Tommy’s brother had insisted on burying what was left of Tommy, after he had finished throwing up. Rick suspected that the boy had half hoped to be killed himself, watching the risks he had taken afterwards.
It wasn’t glorious and heroic: it was dying on the roadside with your head blown open; it was blackened arms and legs separated from rotting bodies strewn along the road to the coast like lifesize dolls’ limbs; it was fear and sickness, and screams of agony, both physical and mental; it was the fury and frustration of standing in line on the beaches whilst the Luftwaffe blew you apart and the sky above you remained empty of the RAF. It was seei
ng grown men cry for their mothers, seeing men die slowly over the long hours they waited for rescue; it was feeling that you would die of thirst but knowing you couldn’t risk losing your place in the line.
And after that, being back here in London, seeing people who were clean and not injured and safe, and knowing that they were as alien to you now as though they belonged to a separate race.
It was knowing that nothing ever could or would be the same.
Rick couldn’t risk speaking to Tilly because if he did he was afraid that he would tell her these things that could not be told to anyone, least of all a young girl like her.
It was gone eight o’clock in the evening before the flood of men was reduced to a trickle, and Tilly and Agnes were free to leave their posts and make their way over to where Olive was handing over responsibility for the tea urns to a new group of WVS.
‘We saw Dulcie’s brother,’ Agnes announced as they headed for the parked van, ‘didn’t we, Tilly?’
‘Yes. I had to look at him twice before I was sure it was him,’ Tilly told her mother. ‘All the soldiers look so defeated. It really tears at your heart. It isn’t their fault, after all,’ she defended her countrymen fiercely. ‘Everyone said that the Maginot Line would hold Hitler back. So many of them are angry with the RAF and blame them for not doing more to hold the Luftwaffe at bay whilst they were retreating.’

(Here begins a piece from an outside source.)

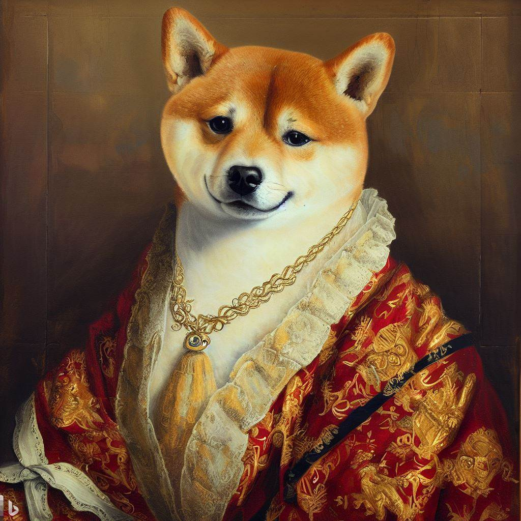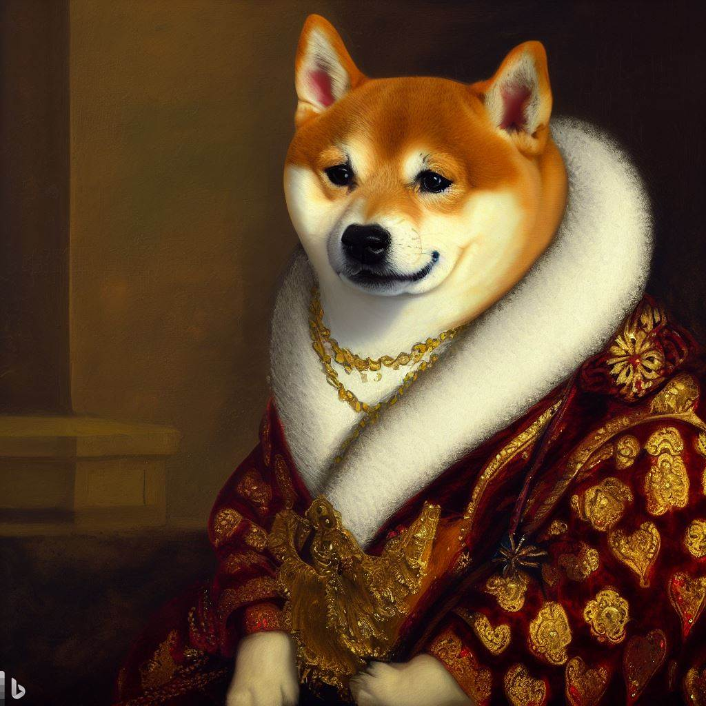 a Shiba Inu self-portrait, Dressed in royal finery in 1600s England, full body,oil painting, in the style of Hans Holbein the Younger

‘I know,’ Olive agreed. ‘I suppose it’s because the Government feel they need to hold back the RAF to defend the country.’
Tilly saw the looks her mother exchanged with the other WVS members she was taking back to the church hall.
‘You mean in case Hitler tries to invade?’ Tilly pressed her.
There was a brief silence and then Olive admitted tiredly, ‘Yes.’
It had to be faced after all, Olive acknowledged as she drove back to the church hall. Hitler had smashed through the defences of every country he had invaded, and now France too had fallen, something that no one had expected to happen. What was to stop them being next?